- Original language: English
- Written by: George S. Kaufman and Moss Hart
- Subject: United States history
- Genre: Spectacle
- Setting: Ellis Island, 1896; Small American Town

Premiere
- Date: January 21, 1939
- Place: Center Theatre (New York City)

= The American Way (play) =

1939 play by George S. Kaufman and Moss Hart

The American Way is a play by American playwrights George S. Kaufman and Moss Hart.

== Production ==
The original Broadway production of The American Way opened at the Center Theatre on January 21, 1939, in a production produced by Sam H. Harris and Max Gordon. It was directed by Kaufman and designed by Donald Oenslager (sets), Irene Sharaff (costumes), and Hassard Short (lights).
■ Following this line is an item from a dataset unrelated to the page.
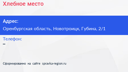 Хлебное место по адресу Оренбургская область, Новотроицк, Губина, 2/1 в дальнейшем Организация, размещена в следующих категориях:

Husband and wife actors Fredric March and Florence Eldridge starred as Martin and Irma Gunther. Dick Van Patten had a role as Martin's grandson, Karl, at age 9; David Wayne played an adult version of the same character. This production made Scott McKay's debut in appearing in Broadway plays.

The American Way closed in June 1939, after 164 performances, and reopened July 17, playing for an additional 80 performances before closing permanently on September 23, 1939.

== Critical response ==
In his review for The New York Times, Brooks Atkinson called The American Way "a wide, handsome, densely populated cavalcade of American lore and democratic philosophy." He admitted that "it has some leaden moments, particularly in the second act, when the material is a little flimsy and the story-telling less firmly directed," but concluded that the play "shines like a good deed in a naughty world and also like a handsomely bedizened show."

The unsigned Variety review described the play as "a patriotic display that's stirring if taken in the mood of its writing," and said that it "belongs and will likely be an extra attraction for the World's Fair crowds."